Sunday, March 20, 2005

A Very Long Engagement

A Very Long Engagement, 134min, French
Director: Jean-Pierre Jeunet

I watched it at GV Marina, the best place to catch such an art-house piece. The time was 2355, after a week of sleep depravation, it was quite surprising I still had the enegy to finish this movie without catching the sleep bug.

What I thought before watching the movie...

My friend wanted to watch a movie, but there isn't anything halfway decent in cinemas lately. You won't see me stepping a foot in a theatre marked Son of the Mask, or anything just as lame. A Very Long Engagement is French, and an art-house piece, so naturally, it is held in higher regard than any Hollywood pathetics. After reading the film's intro, I got the idea that it was a romance film, I thought that it was the kind of teary, I love you but you are going to the war kind of sad sad movie. And because the title of the film is A Very Long Engagement, instead of like A Terminated Engagement, I thought that would have a crying happy ending.

Well, the feeling I got after watching the show is totally different.

A Very Long Engagement is a World War I film. With a romantic story weaved in between. It is also a mystery film and a humorous one. It's a story of survival, hope, love and life. My kind of 5-star movie, and the best movie I've watched so far this year, but then again, maybe that's because the movies I've watched so far are those well, more of entertaining kinda movies.

I was totally blown over in the beginning when the movie opened in a war trench and the trudging of the soldiers, from that moment onwards, I knoew that this was so going to be a great movie. Even though this was a French movie, and the enemy was the Germans. I thought I knew all about WWI having studied it repeatedly every year and am still studying different ascpects of it now, but I didn't know anything about self-multilation as a war crime, until I watched the movie. Apparantly, many soldiers were so sick of war that they actually attempt to make use of a clause to injure themselves so that they can be discharged from the battlefield. With so many soldiers doing it, it was made into a crime to do it, and the soldiers who self-multilated were given death sentences, some of these death sentences were either throwing them into the no man's land, or deploying them to the front line, so they would get killed by the enemy.

War changes people.
When you finally meet death right in your face, your perception of life will totally change, your priorities will change too. That was what I always believe. Although I'm a patriotic freak, I understand that some people cannot react to death and the only thing they want to do is to escape from it. It's understandable that those soldiers wanted to seek out with self-multilation.

Mathilde.
Before the movie, I thought that she was just a French girl, passionate about love and loves her man dearly, well, after watching, she wasn't just any French girl, she was a polio girl, so determined with her passion. Her single-minded focis on hope just makes me feel so miniatured. Yeah, sometimes all you need is hope. This was in the context of the night before, when yet again I bought another piece of hope, but for me, my hope was burst so unmercifully. Should I continue to raise more hopes? I really don't know. I don't have the resolute of Mathilde.

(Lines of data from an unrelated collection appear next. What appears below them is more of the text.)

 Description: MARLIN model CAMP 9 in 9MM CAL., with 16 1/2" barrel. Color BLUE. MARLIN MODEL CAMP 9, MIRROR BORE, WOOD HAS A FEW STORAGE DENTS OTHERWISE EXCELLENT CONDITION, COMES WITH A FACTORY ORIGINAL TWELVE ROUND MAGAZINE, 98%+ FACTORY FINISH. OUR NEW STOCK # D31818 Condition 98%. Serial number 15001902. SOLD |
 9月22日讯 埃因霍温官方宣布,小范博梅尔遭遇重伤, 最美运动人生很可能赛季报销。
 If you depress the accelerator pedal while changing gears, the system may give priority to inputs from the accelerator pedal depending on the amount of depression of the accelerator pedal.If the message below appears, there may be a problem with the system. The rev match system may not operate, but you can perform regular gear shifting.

It was the mystery twist in the film that made this a truly enjoyable film to watch. It injected humour and opmh into the whole show. It traces the pieces of evidence Mathilde collected from her investigations of the troop of her fiance, and the 5 men who were convicted for self-multilation. A number of times, she was thrown off course, but with several twist and turns she got back on trail, and with strokes of luck, intellect and determination, she finally uncovered the truth behind the mystery.

Another thing I like about this movie is the depiction of the encounters of the other soldiers who along with Manech, Mathilde's fiance, and their life backgrounds. Their life backgrounds provided some comic relief and humour in a stoic war film, while their encounters made it more stoic that this was indeed a war film.

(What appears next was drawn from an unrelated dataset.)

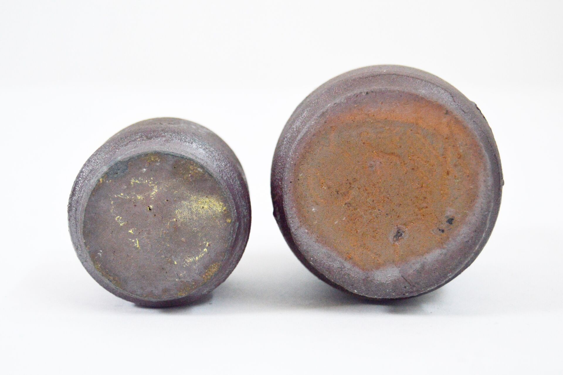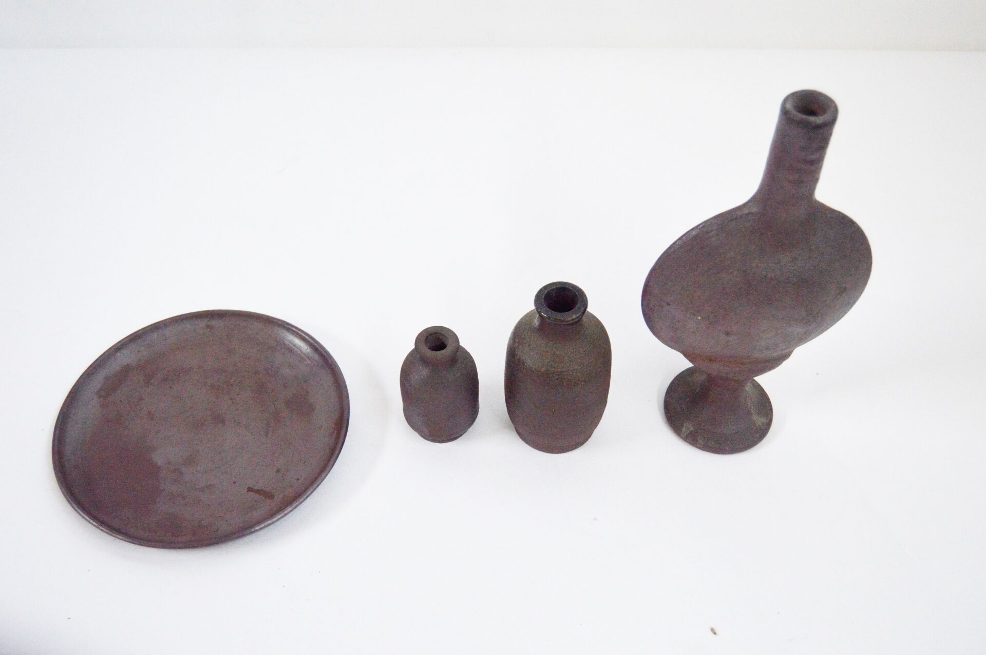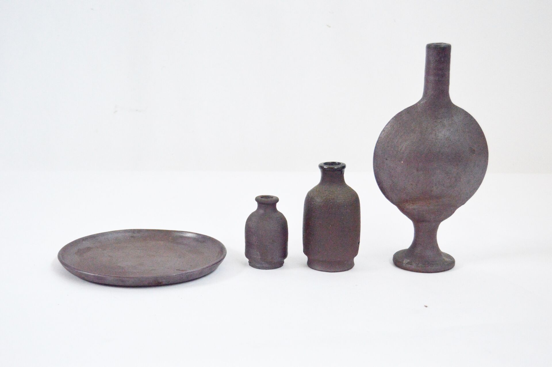 Normandie. Trois vases et un plat en terre cuite. Vases: H max : 25, 5 cm ; H min : 8 cm ; D max : 14 cm ; D min : 5 cm Plat : H : 2 cm ; D : 19 cm

After reading Elie Wiesel's Night last semester, I always thought war made people selfish, and brings out the most primate ature of man, well, it wasn't that true after this movie. Yes, some people were selfish, like the husband who wanted his wife to make love with his best friend just so that she could have another kid so that he'd be a father of 6 and not need to serve the war, but there are also instances of brotherhood. Through helping others you keep yourself from losing your sanity.

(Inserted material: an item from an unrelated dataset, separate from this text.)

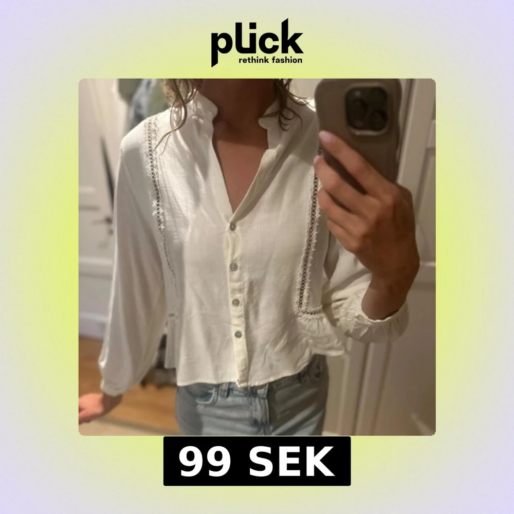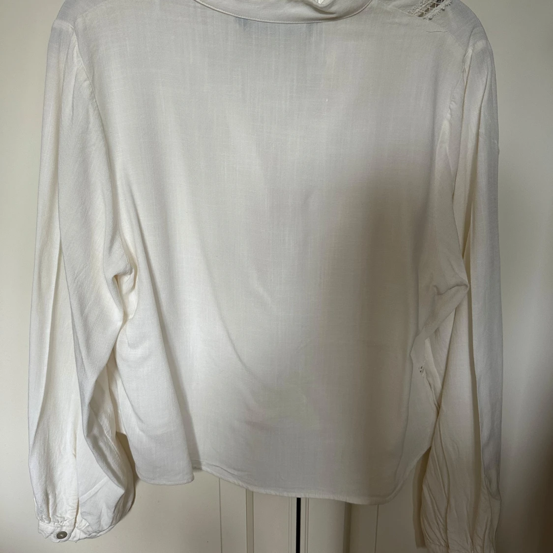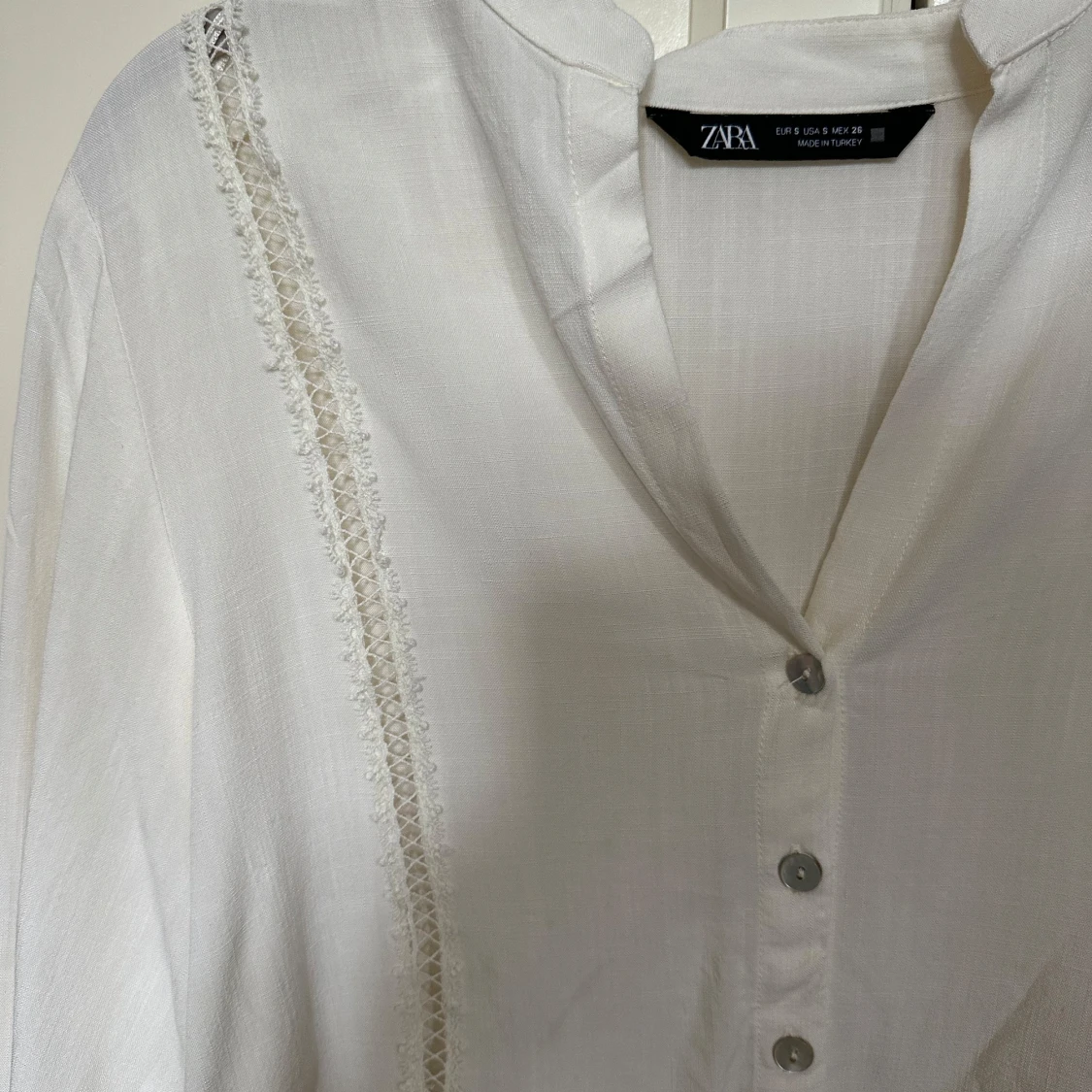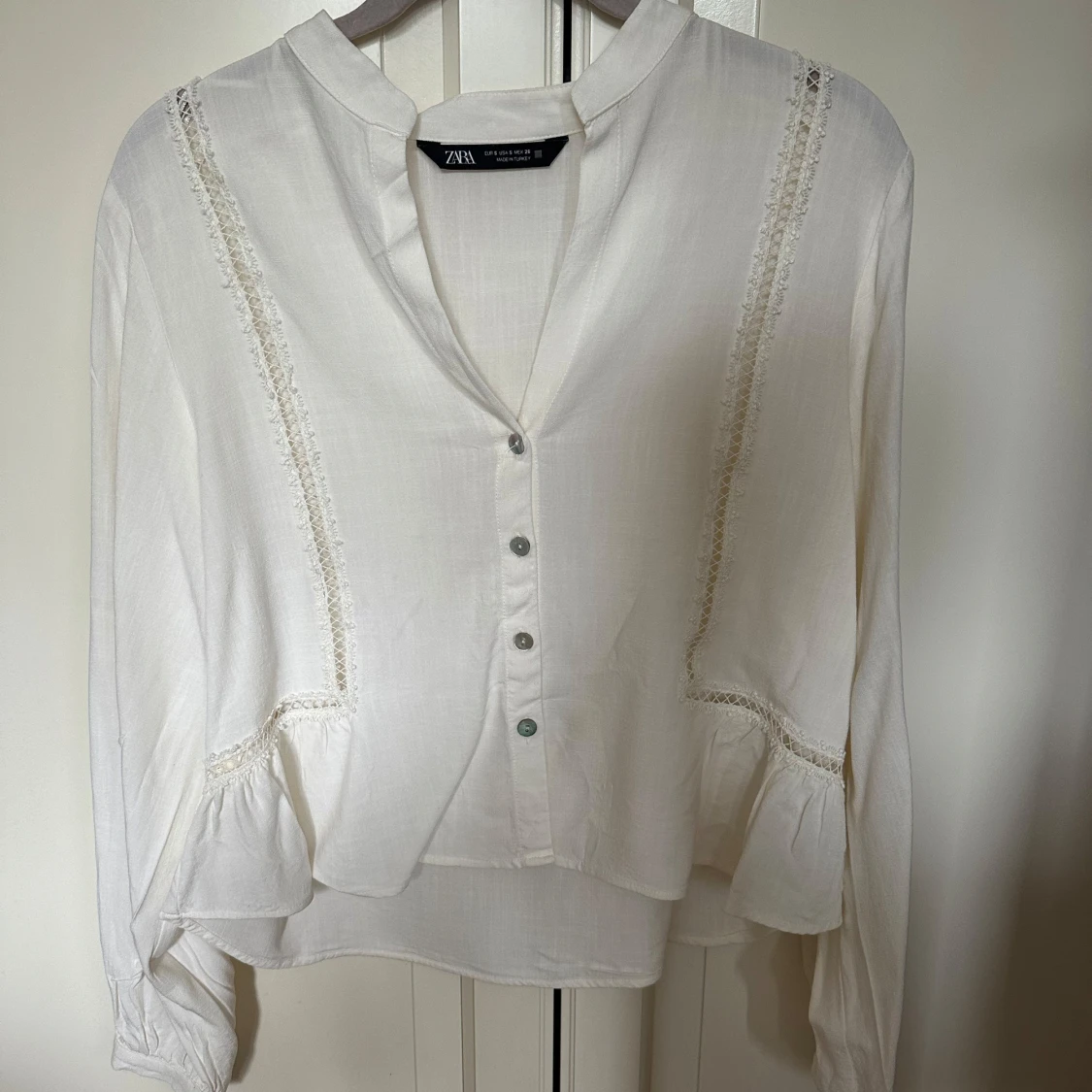 Supersöt vit blus från Zara med snygga spetsdetaljer längs framsidan. Använd 1 gång. Blusen har v-ringning, knappar framtill och långa ärmar med lätt puff. Materialet känns luftigt och skönt, perfekt till jeans eller kjol.

But I think Mathilde is lucky. Although she's an orphan, her uncle and aunt treat her very well and was very supportive of her in her quest. I don't think at that point in time many people can be so supportive when it seemed almost certain that Manech was dead. Another thing is that although she wasn't rich, she was reasonable well off, in that she was able to pay for her expenses when she when on the search trail, or her hiring of a private investigator to help her. She was also able to pull strings to get into the national archives and look and war records. But what surprised me was that her uncle owned an automobile, well, that makes things very easy, isn't it? She's lucky...

*disclaimer: spoilers ahead*

Well, Manech is also one lucky guy. Even though it was the kind of crying happy ending where the male returns from the dead to give a big hug to the female, she's very lucky to have him back alive. Just give him more time and everything can be well again.